_Instructions to follow_. Would you please repeat all of the data exactly, omitting the pictures?

[[ Dataset section open ]]

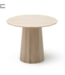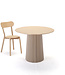 Round 95 cm dining table in Japanese chestnut, featuring a sculptural barrel base and available in P..
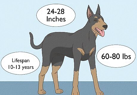 Understand what a full-grown Doberman will look like. The Doberman should stand around 24 - 28 inches tall at the shoulders, with males being taller than females. The classic color is black with tan markings, but red, blue, and fawn are also permissible by the AKC. The Doberman weighs 60 - 80 lbs and the average lifespan is 10 - 13 years. In the US the ears are usually cropped, while in the UK this procedure is considered a cosmetic mutilation and frowned upon.
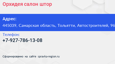 Орхидея, салон штор по адресу 445039, Самарская область, Тольятти, Автостроителей, 96 в дальнейшем Организация, размещена в следующих категориях:
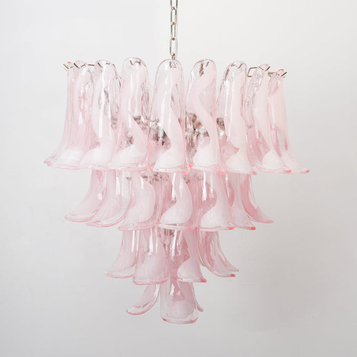 The Florentine Lily Murano Chandelier captures the delicate elegance of flower petals in motion. Each handblown Murano glass element curves gently like a calla lily in bloom, cascading in radiant layers that shimmer with soft opalescence. Available in romantic blush pink or pure alabaster white, this chandelier is both sculptural and serene—turning any space into a glowing garden of light.

[[ Dataset section closed ]]

_Reply to the task_.
 Round 95 cm dining table in Japanese chestnut, featuring a sculptural barrel base and available in P..
 Understand what a full-grown Doberman will look like. The Doberman should stand around 24 - 28 inches tall at the shoulders, with males being taller than females. The classic color is black with tan markings, but red, blue, and fawn are also permissible by the AKC. The Doberman weighs 60 - 80 lbs and the average lifespan is 10 - 13 years. In the US the ears are usually cropped, while in the UK this procedure is considered a cosmetic mutilation and frowned upon.
 Орхидея, салон штор по адресу 445039, Самарская область, Тольятти, Автостроителей, 96 в дальнейшем Организация, размещена в следующих категориях:
 The Florentine Lily Murano Chandelier captures the delicate elegance of flower petals in motion. Each handblown Murano glass element curves gently like a calla lily in bloom, cascading in radiant layers that shimmer with soft opalescence. Available in romantic blush pink or pure alabaster white, this chandelier is both sculptural and serene—turning any space into a glowing garden of light.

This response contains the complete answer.